We can take each boundary box, and crop to those pixel locations, and create smaller images to perform our operations on.
def getCroppedPlayerArea(image, player): return image[player[1]:player[1]+player[3], player[0]:player[0]+player[2]] for found in found_people: # create a crop based on the pixel location to look at player_area=getCroppedPlayerArea(image,found) cv2.imwrite(f"./{found[0]}-unaltered.jpg", player_area)
Here is the result of cropping the image to just Oscar to show what I mean.

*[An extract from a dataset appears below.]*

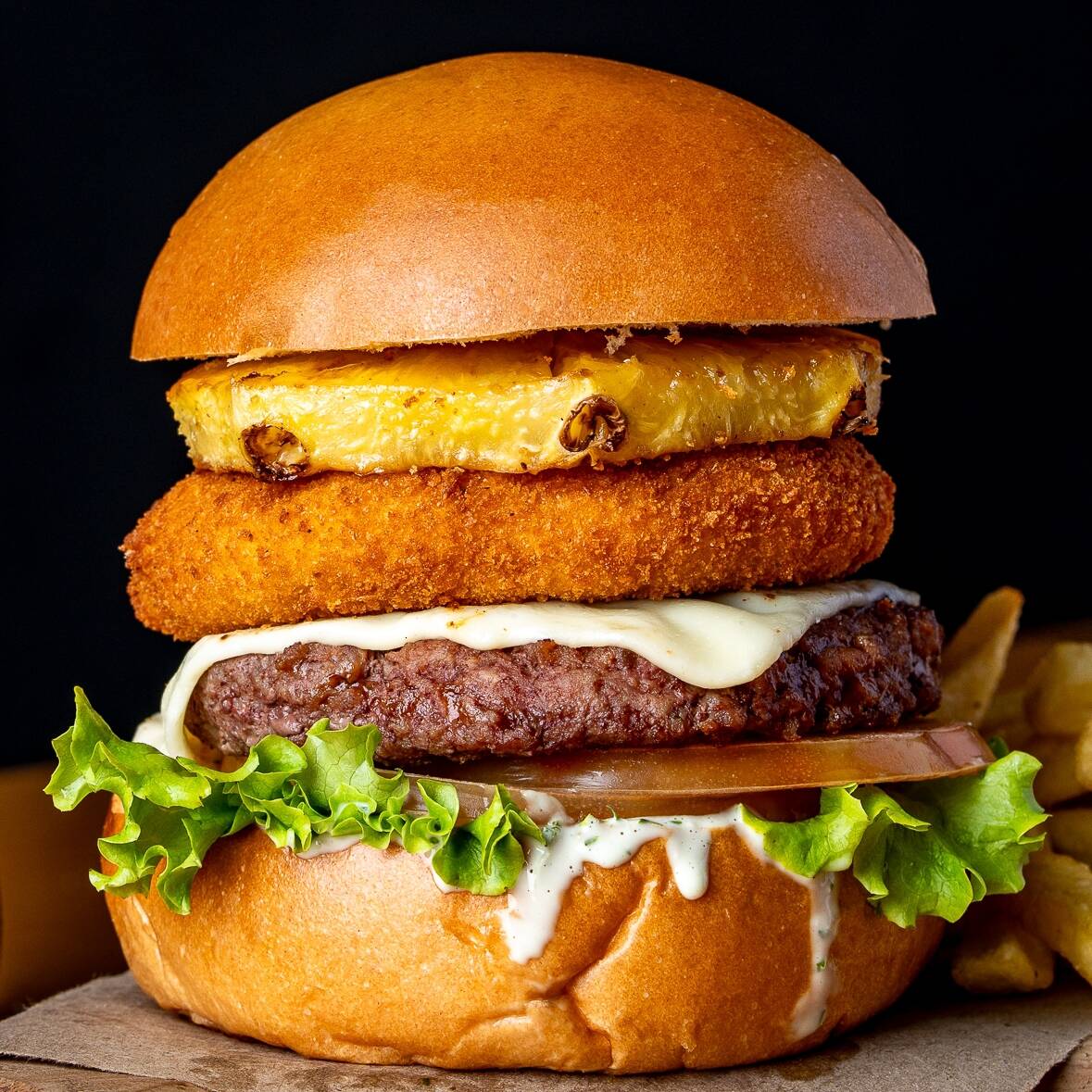 Carne de res artesanal de 100 g, queso costeño asado, piña asada, salchicha, tocineta ahumada, lechuga, tomate, pan brioche, salsa de la casa.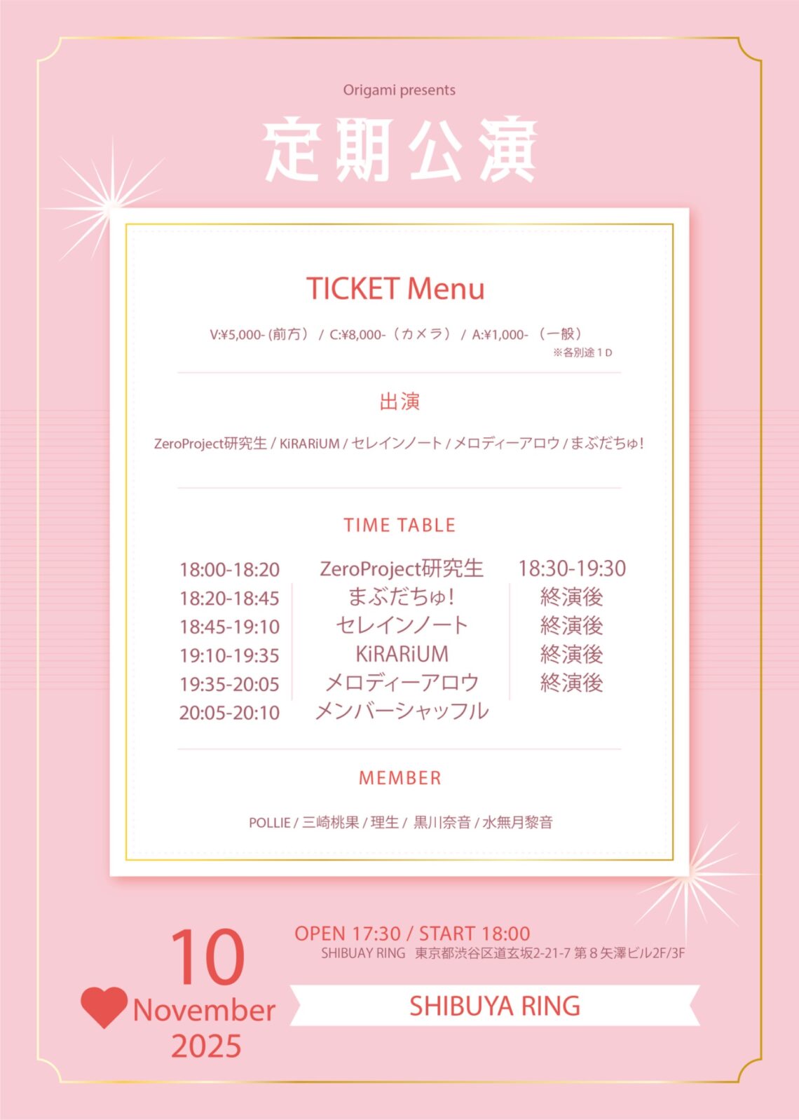 Cチケット:8000円(段差後ろ)

Once we have this unaltered crop, we can convert it grayscale and determine the gi color based on the amount of lighter pixels present. This isn't a very elegant way to do this, as it takes in the background and the skin color of the individual into account, and a good optimization for accuracy would have the image cropped to only show the gi, but that is a job for future me.
def getGiColor(grayscale_image): return GI_COLOR.WHITE if (np.sum(grayscale >= 127) > np.sum(grayscale <= 127)) else GI_COLOR.BLUE for found in found_people: # create a crop based on the pixel location to look at player_area=getCroppedPlayerArea(image,found) cv2.imwrite(f"./{found[0]}-unaltered.jpg", player_area) grayscale = cv2.cvtColor(player_area, cv2.COLOR_BGR2GRAY) found[5] = getGiColor(grayscale) print(f"Found player with {found[5]}") cv2.imwrite(f"./{found[5]}.jpg", grayscale)
BLUE
This cropped grayscale image has a total of 24416 / 8653701
total pixels greater than 127, and 87404 / 8653701
characters less than 127, so it's more dark than it is bright. This means it must be our blue gi.
WHITE
This cropped grayscale image has a total of 44877 / 10441142
total pixels greater than 127, and 29431 / 10441142
characters less than 127, so it's more bright than it is dark. This means it must be our white gi.
# results in: Found player with GI_COLOR.BLUE Found player with GI_COLOR.WHITE
And now we can tell who is who! Oscar is in white, and I am in blue.